The book ends abruptly. Nothing is resolved, but of course, nothing could be resolved. I wasn’t particularly impressed with the hopefulness and resilience of the couple, since they were not buoyed by hope. They were resilient, but that seemed to be more because there was nothing else to do but continue to slog on into the headwinds. I was left thinking that the dreams of this couple could not possibly come true, but it isn’t a book that is going to stick with me, or make me wonder if this or that plan could have worked, because there wasn’t any plan. It was something they wanted, something not unreasonable, but that they could never have, and that was that.

I suppose I was disappointed with House of Earth. I wanted a poignant novel with courageous characters I could love and empathize with as they battled odds to achieve goals. I guess I wanted a bit of a narrative arc to the story. This was a piece of Americana, a slice of life. I admired Ella May but I found Tyke annoying and a bit immature. It made for a realistic portrayal of the couple, but wasn’t exactly encouraging for the evolution of the marriage over the long haul.

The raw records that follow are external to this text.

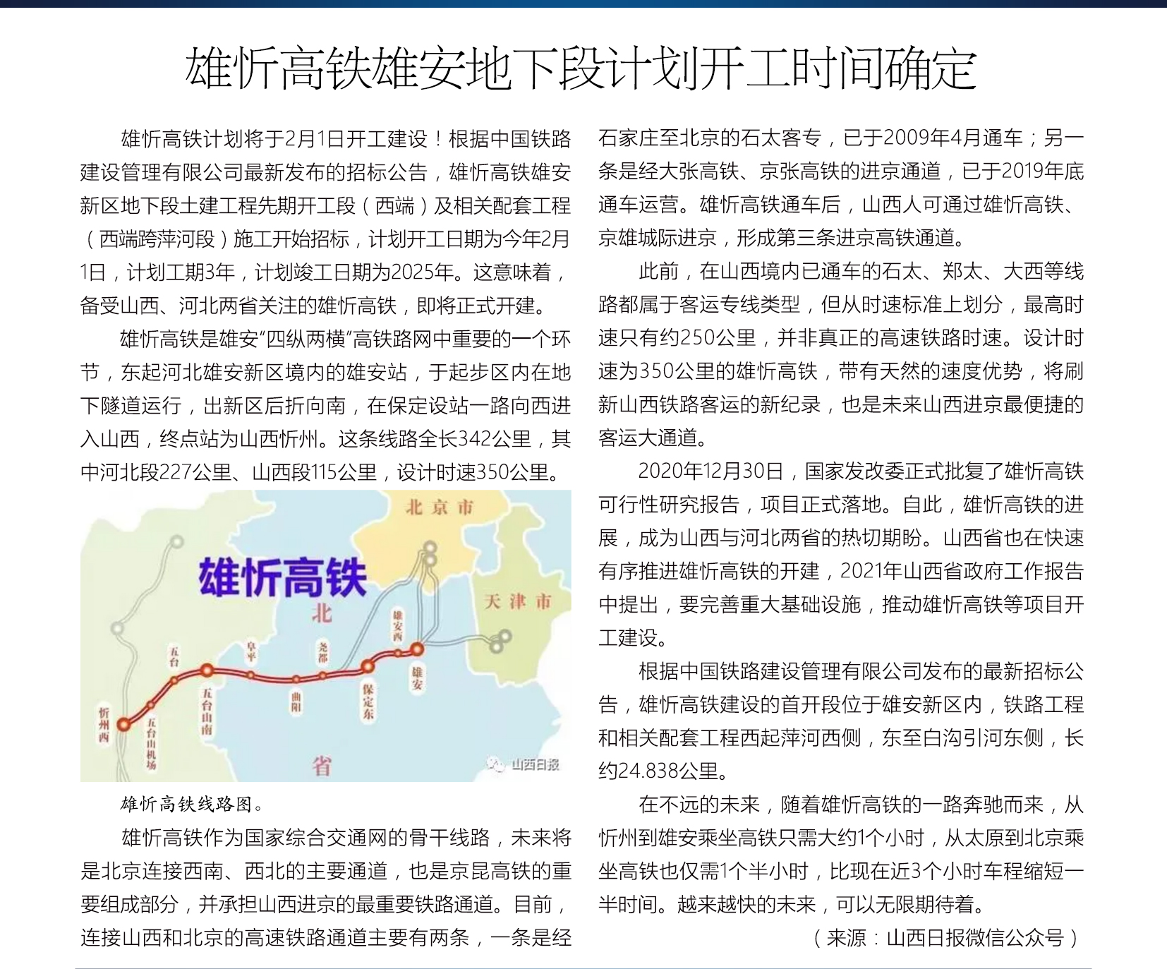 【雄安之声】雄忻高铁计划将于2月1日开工建设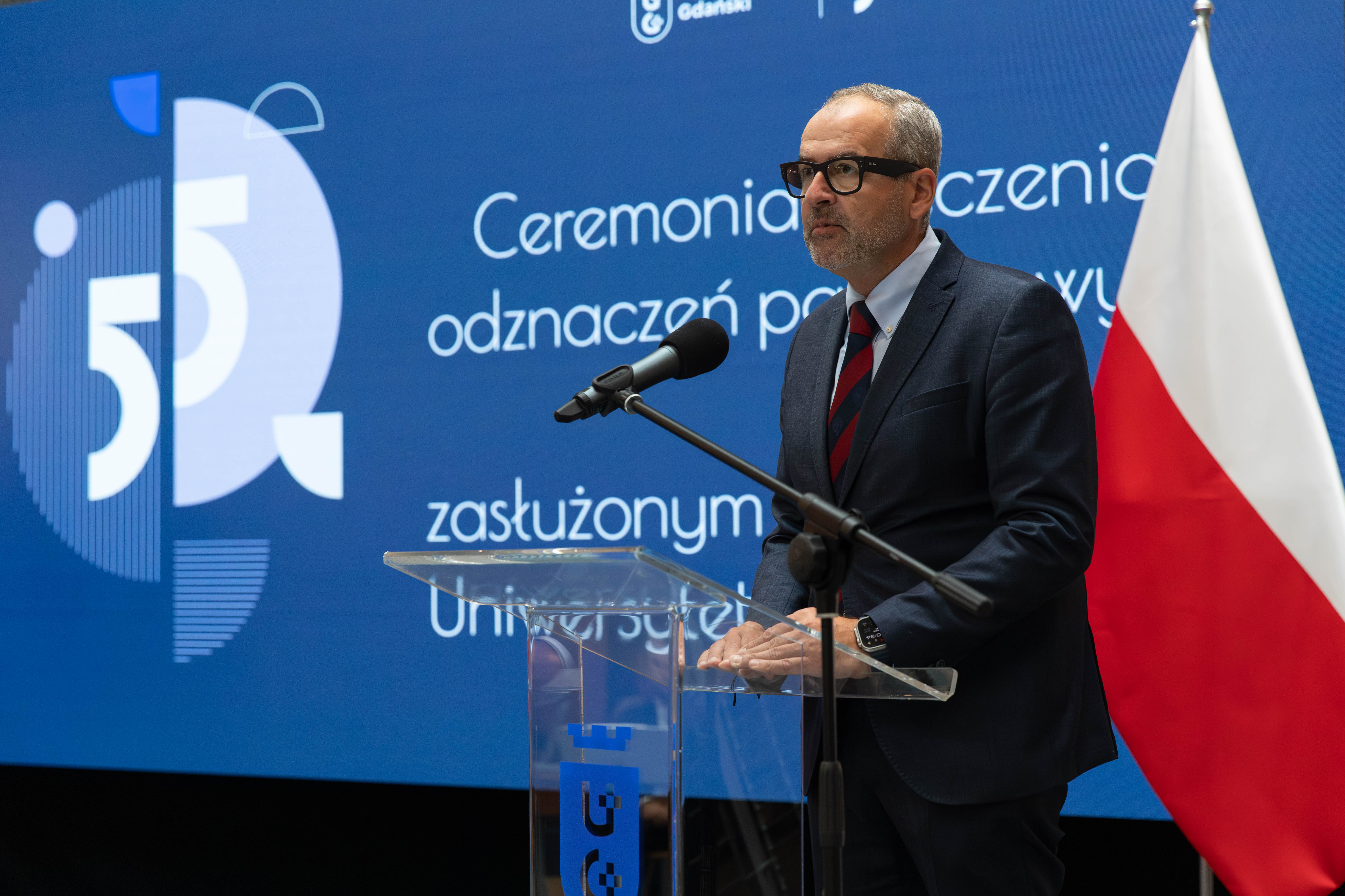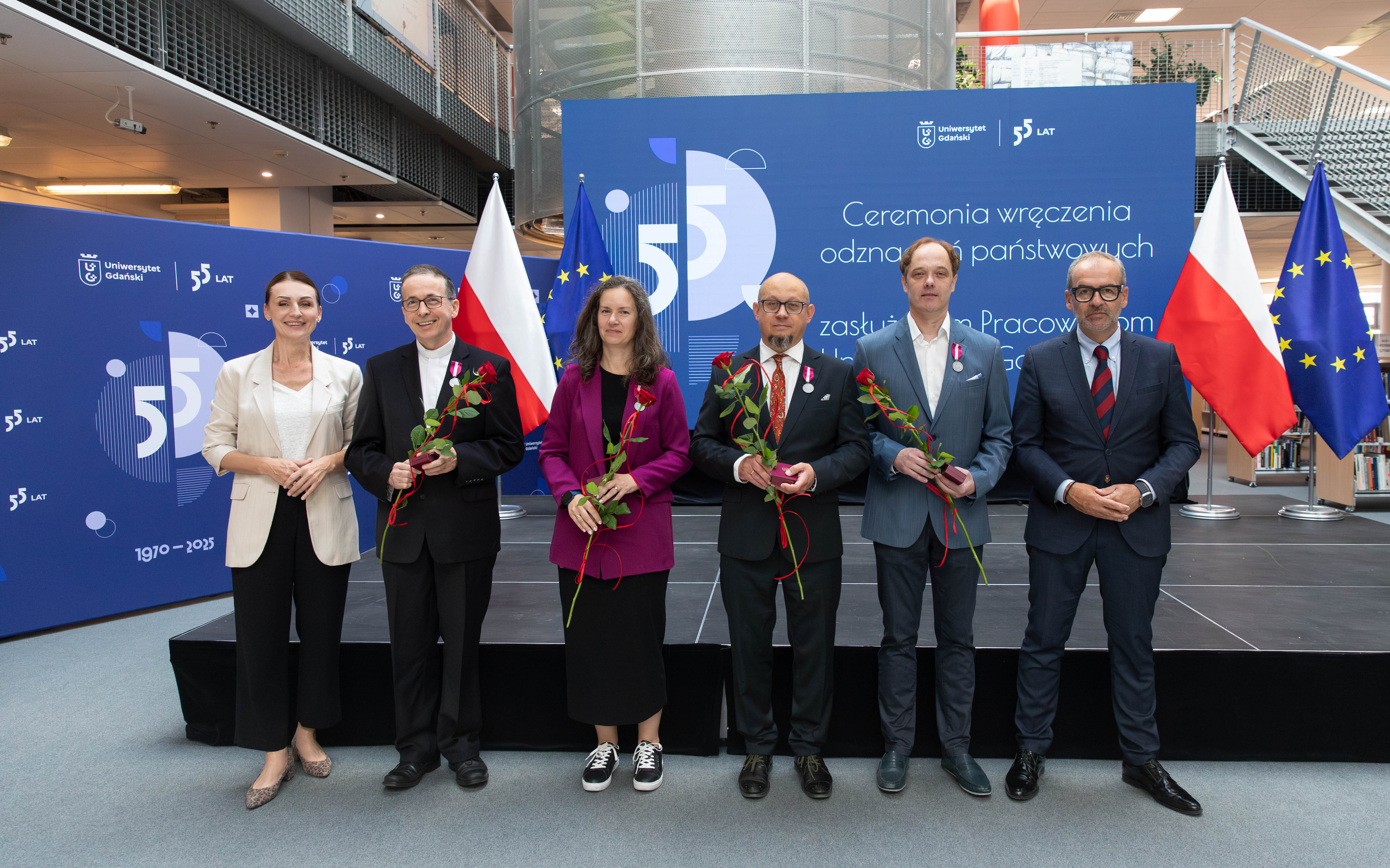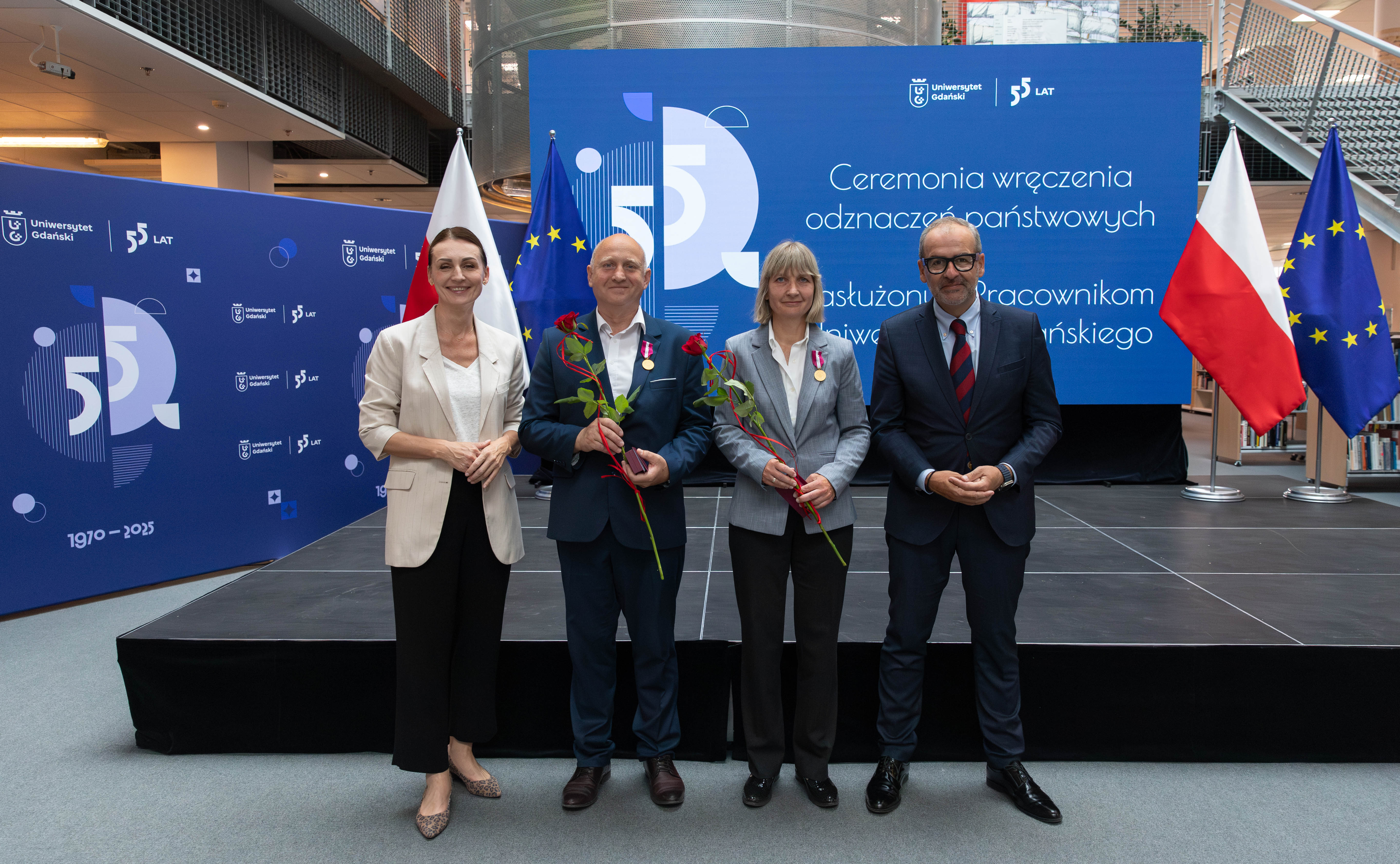 - Uhonorowanie naszych pracowników odznaczeniami państwowymi To przede wszystkim dowód na ta, że cała społeczność Uniwersytetu Gdańskiego pracuje na jego markę, prestiż i rozpoznawalność. To widać nie tylko w naszych znakomitych osiągnięciach naukowych, organizacyjnych i dydaktycznych, ale również w pozycji uniwersytetu w rankingach zarówno krajowych, jak i międzynarodowych - powiedział Rektor Uniwersytetu Gdańskiego, prof. Piotr Stepnowski. - Dzisiaj jesteśmy tu po to, aby uhonorować naszych najwybitniejszych, najbardziej zasłużonych pracowników. Te odznaczenia są dowodem na to, że związaliście swoje życie i pasję z waszą uczelnią. Za to chciałbym wam serdecznie podziękować, bo ten nierozerwalny związek między waszą pracą a uniwersytetem to jest właśnie to dobro, które tworzy jego pozycję zarówno w kraju, jak i za granicą. Serdecznie Państwu gratuluję!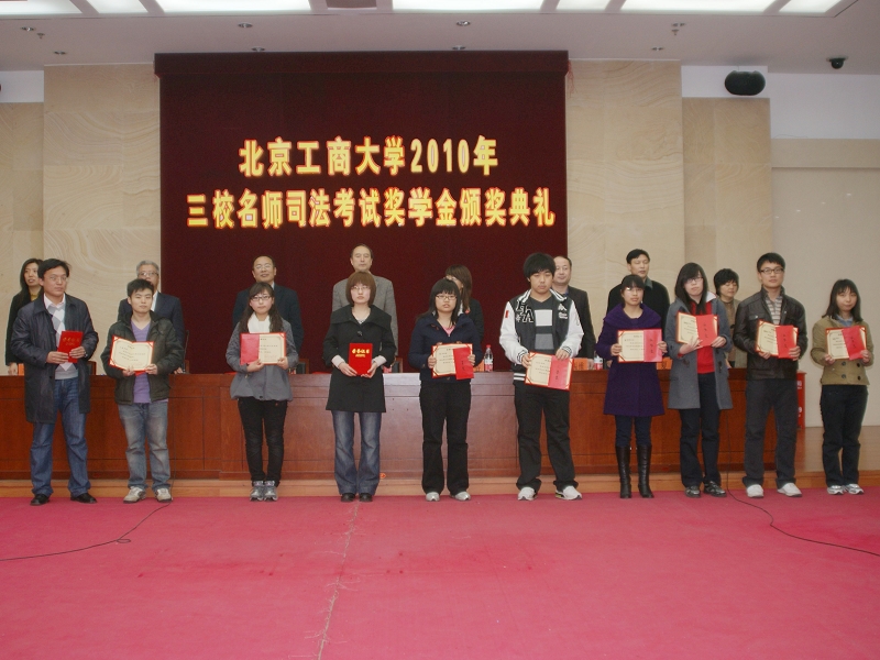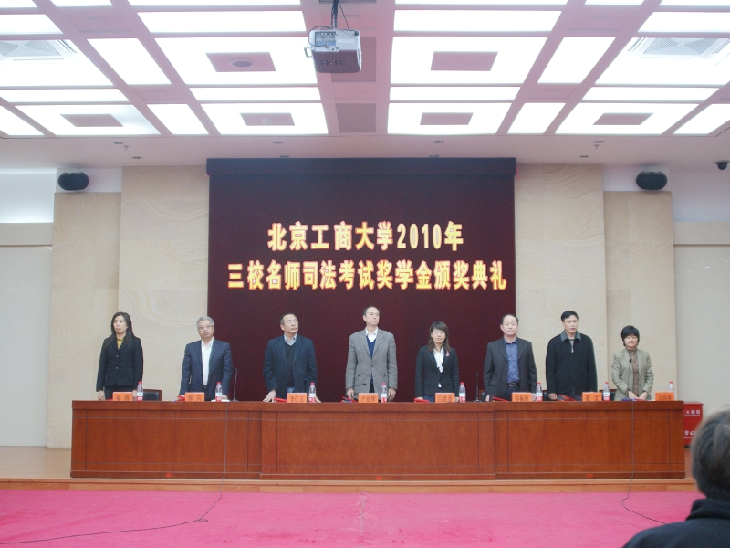 4月21日下午,北京工商大學(xué)2010年三校名師司法考試獎學(xué)金頒獎典禮在良鄉(xiāng)模擬法庭召開。校黨委副書記盧思鋒、北京三校名師培訓(xùn)學(xué)校校長谷振維、常務(wù)副校長、律師郭兵、市場總監(jiān)夏文、校學(xué)生處處長呂素香、法學(xué)院院長李仁玉出席了本次頒獎典禮。典禮由法學(xué)院黨總支副書記文四英主持。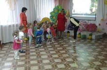 Первая младшая группа побывала в осеннем сказочном лесу, там они встретили ежика и гномика. Они вместе танцевали, пели песни, играли. Ежик и гномик подарили ребяткам волшебную тыкву, в котором лежали сладкие, румяные яблочки.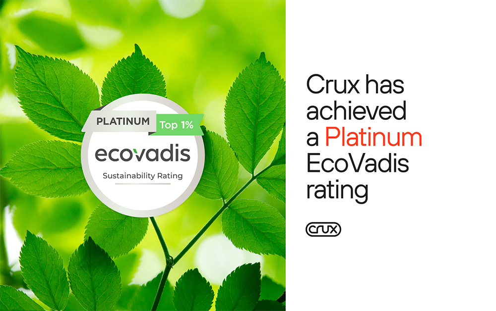Crux has achieved a Platinum rating from EcoVadis, a distinction reserved for the top 1% of companies assessed worldwide.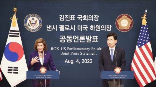 한국을 방문 중인 낸시 펠로시 미국 하원의장은 이날 김진표 국회의장과 북한 비핵화와 평화 정착을 위해 한미 양국 정부를 적극 지원하고, 한미동맹 70주년을 기념하는 축하 결의안 채택도 공동으로 추진하기로 의견을 모았다.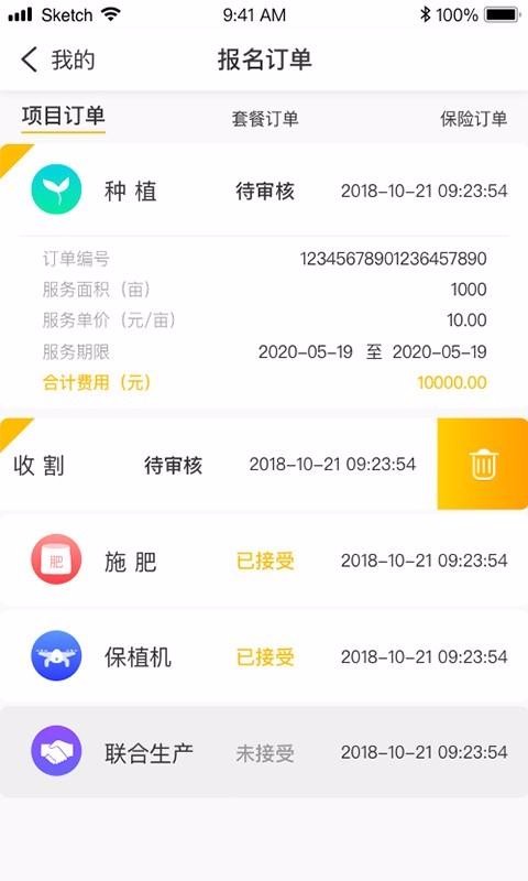 6、划分了不同的订单栏,同时提供了项目订单、套餐订单,还有保险订单专栏;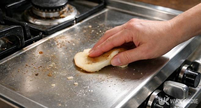 껍질의 안쪽 흰 면이 바닥에 닿도록 잡고, 기름때가 낀 부분을 부드럽게 문지른다. 감자에 들어 있는 녹말 성분이 기름기를 흡착하면서 표면에서 오염이 분리된다. 눌어붙은 자국이 심하다면 뜨거운 물을 살짝 뿌려 기름을 불린 뒤 다시 문지르면 훨씬 쉽게 떨어진다. 마지막으로 젖은 행주와 마른 천으로 한 번씩 닦아주면 미끈거림 없이 마무리된다.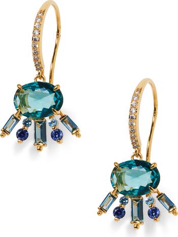 A mix of beautiful blue and turquoise-hued crystals bring elegant sparkle and color to scene-stealing drop earrings plated in high-shine 18-karat gold.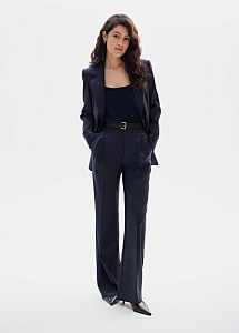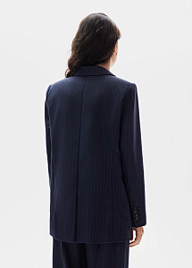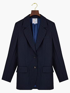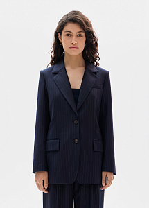 Жакет из шерсти в глубоком сапфировом оттенке в тонкую полоску. Полуприлегающий силуэт с английским воротником подчеркивает сдержанную элегантность. Модель комфортна в носке и идеально сочетается с брюками и шортами в тон из нашей коллекции.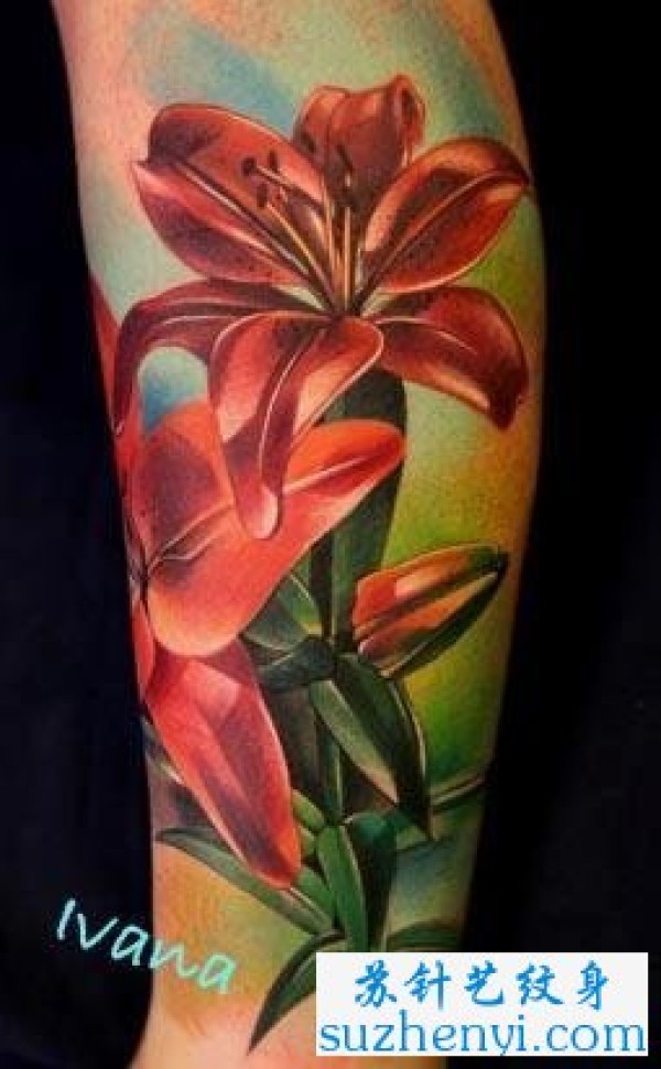 腿部彩色3D花卉纹身_3D纹身图案大全_纹身图吧

For now, their love sustains them, but when that’s gone too. . .

Overall, it was not so much a novel as it was a sounding board for Guthrie’s admiration for the idea of adobe houses. Read it as a period piece. Read it because you’re a Guthrie fan. Read it because his ideals resonate today as much as they did in the first half of the twentieth century. Read it because Guthrie is a poet with a gift for language. But I can’t really recommend it for its success as a novel.

This is my 17th book read for the Historical Fiction Challenge hosted by Historical Tapestry.